Sono 5.400 gli alunni che tornano oggi, 15 settembre, sui banchi di scuola a Fabriano. Il primo anno scolastico dopo il terremoto dello scorso ottobre che ha creato non pochi problemi in città. Le novità più importanti riguardano la scuola primaria di Marischio che riapre dopo mesi di chiusura e, forse, l’arrivo in città, dal 2 ottobre, di circa 310 alunni dai 6 ai 12 anni da Cerreto d’Esi. Da lunedì, dopo uno o due giorni si ambientamento per chi andrà a scuola anche sabato, si riparte alla grande, anche con la mensa e il tempo pieno. Nei tre istituti comprensivi della città mancano alcuni insegnanti che dovranno essere nominati dal Provveditorato. L’Istituto più numeroso è l’Aldo Moro con 1.140 alunni, segue l’istituto Fernanda Imondi Romagnoli con 1.007 studenti tra infanzia, primaria e secondaria e l’Istituto Marco Polo con 900 iscritti. Tra le superiori la scuola più frequentata è l’l’Istituto Tecnico Industriale Merloni e il Professionale Miliani con 605 alunni. A questi si aggiungono circa 50 studenti che frequentando, divisi in tre classi, il corso serale. Al Liceo Scientifico Volterra ci sono 508 studenti: di questi 461 sono nella sede di Fabriano, 47 nella sezione distaccata di Sassoferrato. 463 alunni torneranno sui banchi al Liceo Classico Stelluti. 295 sono gli studenti dell’Istituto Tecnico Agrario Vivarelli, 240 all’Istituto d’Istruzione superiore Morea e 160 al Liceo Artistico Mannucci. Info sito istituzionale Comune di Fabriano http://www.comune.fabriano.gov.it/index.php/in-primo-piano/7695-0-0-0-0-0-0-0-0-0-0-0-0-0-0-0-0inizio-anno-scolastico .

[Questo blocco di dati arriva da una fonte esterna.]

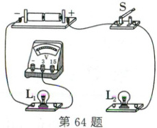 64. (2025·陕西 B 卷)如图,请用笔画线代替导线按要求完成电路连接。要求:小灯泡$L_{1}$与$L_{2}$串联,电压表测量小灯泡$L_{1}$两端的电压。

Riapre Marischio, vacanze a Cerreto 

La scuola primaria di Marischio (foto) riapre a un anno dalle forti scosse di terremoto. Una delle frazioni più popolose del Comune di Fabriano sorride per il ritorno degli alunni sui banchi nello stabile situato nel centro del paese. Quattro classi su cinque cominceranno il nuovo anno scolastico li, dalla prima alla quarta, mentre la classe più numerosa, la quinta, con 21 bambini, resterà alla primaria Mazzini, in via Fabbri per rispettare il limite di legge di 1,8 mq per ciascun alunno. Termina così la lunga odissea. Dopo le forti scosse, infatti, nonostante l’agibilità della struttura, si è deciso di spostare gli alunni di 3 chilometri, presso la Mazzini o la Marco Polo, nel quartiere Borgo di Fabriano. Tanta, infatti, la paura di tornare in un edificio si, agibile, ma antico e con l’ingresso principale sulla strada che conduce nel piccolo quartiere che porta alla pineta. Nel corso di un recente incontro che si è svolto alla presenza dell’Amministrazione comunale è emersa la volontà di effettuare piccoli interventi sulle porte cambiando il senso di apertura, mentre non verrà realizzata una nuova scala esterna. L’auspicio è che, quanto prima, parta l’iter per la costruzione di un nuovo plesso, atteso da 20 anni. Da tempo anche i residenti hanno sollecitato la costruzione di una nuova scuola. Gli alunni della primaria Lippera e della secondaria Melchiorri di Cerreto d’Esi, invece, avranno altre due settimane di vacanza. Si trasferiranno, infatti, solo dal 2 ottobre, presso lo stabile che ha ospitato, anni fa, il Centro per l’Impiego, in via Nenni. La macchina organizzativa per far partire il nuovo anno scolastico con due settimane di ritardo, a 8 chilometri da Cerreto, si è messa in moto mentre in Consiglio si cerca di trovare una soluzione per mettere a posto i due stabili inagibili o avviare la progettazione di una nuova costruzione. L’obiettivo è quello di stare a Fabriano non più di un anno scolastico. Sono circa 20, al momento, gli alunni che non raggiungeranno Fabriano: per loro, le famiglie, hanno scelto diversamente. 5 frequenteranno la classe prima presso la scuola di Albacina, 15 andranno a Matelica.